20 - 21 сентября - «черепашьи» бега (Anhalter Bhn.) с разъяснениями американским солдатам, наше время - 24 часа. Дистанция - от улицы до перрона;

21 - 22 сентября - ночевка у лукенвальдских шлюх; нашей невинности грозит опасность!

22 сентября, под вечер, двое блудных сыновей, прикатив на покореженном «хандвагене», постучались в запертые ворота, на которых было написано: «Родина-Мать ждет вас!»...

22 сентября - 11 октября - стоянка в лагере 251;

11 октября - грузимся и уходим;

13 октября - Cottbus, мой друг был избит и опозорен русскими, он нес на плечах крест...

15 октября - Sorrau (Zorow) — первые польские солдаты;

16 - 18 октября - Zorow - кучи дерьма, эшелоны...

Глогау, 19 октября (...). Город полностью уничтожен, вымер, уже и развалины успели порасти травой. В этом даже есть своя романтика, трепетность, не то, что в Берлине, представляющем собой груды кирпича, утопающем в пыли и пепле. Однако благодаря своему величию он сохраняет признаки жизни, а вот такого разрушенного дотла города, как Глогау, мне еще не доводилось видеть. Путешествие по опустошенной Германии производит тяжелое впечатление. Зло разбирает: немцы, с их высоким уровнем благосостояния, начали войну, которая не только сокрушила их самих, но и навлекла беды на другие народы...

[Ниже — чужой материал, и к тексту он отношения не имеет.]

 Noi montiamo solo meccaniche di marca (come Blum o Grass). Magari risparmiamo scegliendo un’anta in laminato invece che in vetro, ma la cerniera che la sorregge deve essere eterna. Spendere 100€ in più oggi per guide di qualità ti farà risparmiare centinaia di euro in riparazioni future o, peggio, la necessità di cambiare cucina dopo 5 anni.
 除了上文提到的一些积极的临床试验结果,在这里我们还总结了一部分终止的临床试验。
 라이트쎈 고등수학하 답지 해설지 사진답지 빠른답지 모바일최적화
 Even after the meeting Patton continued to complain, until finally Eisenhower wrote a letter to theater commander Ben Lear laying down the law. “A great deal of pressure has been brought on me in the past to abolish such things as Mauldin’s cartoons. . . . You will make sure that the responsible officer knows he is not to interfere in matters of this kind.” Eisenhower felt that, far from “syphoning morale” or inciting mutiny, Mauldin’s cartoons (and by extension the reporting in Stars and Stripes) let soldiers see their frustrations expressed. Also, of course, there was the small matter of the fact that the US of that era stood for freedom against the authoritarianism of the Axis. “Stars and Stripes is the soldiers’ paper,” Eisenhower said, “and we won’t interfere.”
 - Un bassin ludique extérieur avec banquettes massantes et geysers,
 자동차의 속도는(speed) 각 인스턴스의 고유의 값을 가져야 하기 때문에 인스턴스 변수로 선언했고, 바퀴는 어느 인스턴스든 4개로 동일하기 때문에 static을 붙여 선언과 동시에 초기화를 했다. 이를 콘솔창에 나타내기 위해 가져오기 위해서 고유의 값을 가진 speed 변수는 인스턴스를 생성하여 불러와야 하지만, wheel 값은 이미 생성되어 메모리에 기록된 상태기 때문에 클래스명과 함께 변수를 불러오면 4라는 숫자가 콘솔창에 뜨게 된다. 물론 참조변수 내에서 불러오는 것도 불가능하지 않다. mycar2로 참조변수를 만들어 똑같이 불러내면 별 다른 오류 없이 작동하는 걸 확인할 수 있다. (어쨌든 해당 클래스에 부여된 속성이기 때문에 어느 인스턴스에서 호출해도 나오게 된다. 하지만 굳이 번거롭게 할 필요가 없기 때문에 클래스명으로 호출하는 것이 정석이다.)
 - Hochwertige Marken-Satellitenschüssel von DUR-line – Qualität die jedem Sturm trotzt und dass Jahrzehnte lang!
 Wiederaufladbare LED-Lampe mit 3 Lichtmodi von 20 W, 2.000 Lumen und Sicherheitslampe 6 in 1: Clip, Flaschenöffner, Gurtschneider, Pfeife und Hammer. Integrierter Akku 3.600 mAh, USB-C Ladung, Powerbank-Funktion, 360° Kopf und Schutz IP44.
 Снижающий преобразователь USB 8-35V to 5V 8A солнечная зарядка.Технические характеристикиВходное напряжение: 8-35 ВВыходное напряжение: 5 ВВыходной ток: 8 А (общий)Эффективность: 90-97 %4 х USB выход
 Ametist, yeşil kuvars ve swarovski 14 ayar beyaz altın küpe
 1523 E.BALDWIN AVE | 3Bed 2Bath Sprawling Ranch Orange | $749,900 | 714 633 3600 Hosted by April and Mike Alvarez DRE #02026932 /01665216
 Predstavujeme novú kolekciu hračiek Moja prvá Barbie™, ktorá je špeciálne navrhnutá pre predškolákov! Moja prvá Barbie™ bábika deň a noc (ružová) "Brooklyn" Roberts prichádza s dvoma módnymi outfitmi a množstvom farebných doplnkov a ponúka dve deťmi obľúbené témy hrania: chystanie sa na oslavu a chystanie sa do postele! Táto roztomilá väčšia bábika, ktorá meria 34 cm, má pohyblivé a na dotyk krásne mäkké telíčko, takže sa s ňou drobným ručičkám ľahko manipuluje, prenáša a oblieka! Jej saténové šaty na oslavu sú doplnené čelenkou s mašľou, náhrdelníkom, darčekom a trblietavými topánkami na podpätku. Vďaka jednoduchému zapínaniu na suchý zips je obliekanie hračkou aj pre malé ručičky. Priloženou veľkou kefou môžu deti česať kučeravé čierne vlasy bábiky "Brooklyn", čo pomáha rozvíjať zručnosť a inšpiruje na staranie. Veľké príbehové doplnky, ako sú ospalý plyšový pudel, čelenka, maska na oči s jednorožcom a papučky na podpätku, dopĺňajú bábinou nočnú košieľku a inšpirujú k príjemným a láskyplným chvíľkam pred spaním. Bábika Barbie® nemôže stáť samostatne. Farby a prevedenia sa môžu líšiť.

Отцовский эшелон подолгу простаивает в полях Польши, отец, подобно остальным, варит мучную болтушку, его уже не удивляет вид разрушенного Минска, он барышничает, прикидывает, что его ждет в Литве. И вот:

4 ноября 1945 г., Вильнюс. С бьющимся сердцем шел я вчера на улицу Малуну, 3. Поднявшись по лестнице на галерею, заметил, что здесь живет уже не Лидия: другие вещи у дверей, нет той чистоты, которую так тщательно поддерживали Лидия и ее семья. Постучался, но никто не открыл дверь, распахнув которую я часто заставал когда-то дома Ее. Не достучавшись, я заглянул к пани Ганульке, там и узнал кое-что...

С бьющимся сердцем, часто взмахивая крыльями пернатого зверька, я влетел - а разве сейчас я не продолжаю по-прежнему влетать? - в разбитое окно, сквозь покрытое пылью и заляпанное строительным раствором стекло в пустую, как осушенная бутылка вина, комнату. Она была пропитана терпким запахом краски, извести, чего-то тошнотворно-кислого, — вот только человеческого духа там не осталось и в помине. Не пахнет больше телом Туулы, ее волосами и даже пропыленными папками. И как ни раздувай ноздри, все равно не почувствуешь даже запаха мускуса, которым разило от Петрилы и его прыщавого сынка, тяжелого духа сапожной ваксы, выдохшегося пива - ничего! Будто попадаешь в старый кладбищенский склеп: беленые стены с почти незаметными паутинками на них кажутся до омерзения вечными, они страшнее всех символов смерти, палат дурдома и кладбища, что возле бюро ритуальных услуг, - одно время туда, то ли следуя странной моде, то ли гонимые массовым психозом приходили кончать жизнь самоубийством желторотые наркоманы, юные девицы и просто любопытствующие сумасброды... Бродил там и я - мне казалось, что в этом месте и уютнее, и теплее...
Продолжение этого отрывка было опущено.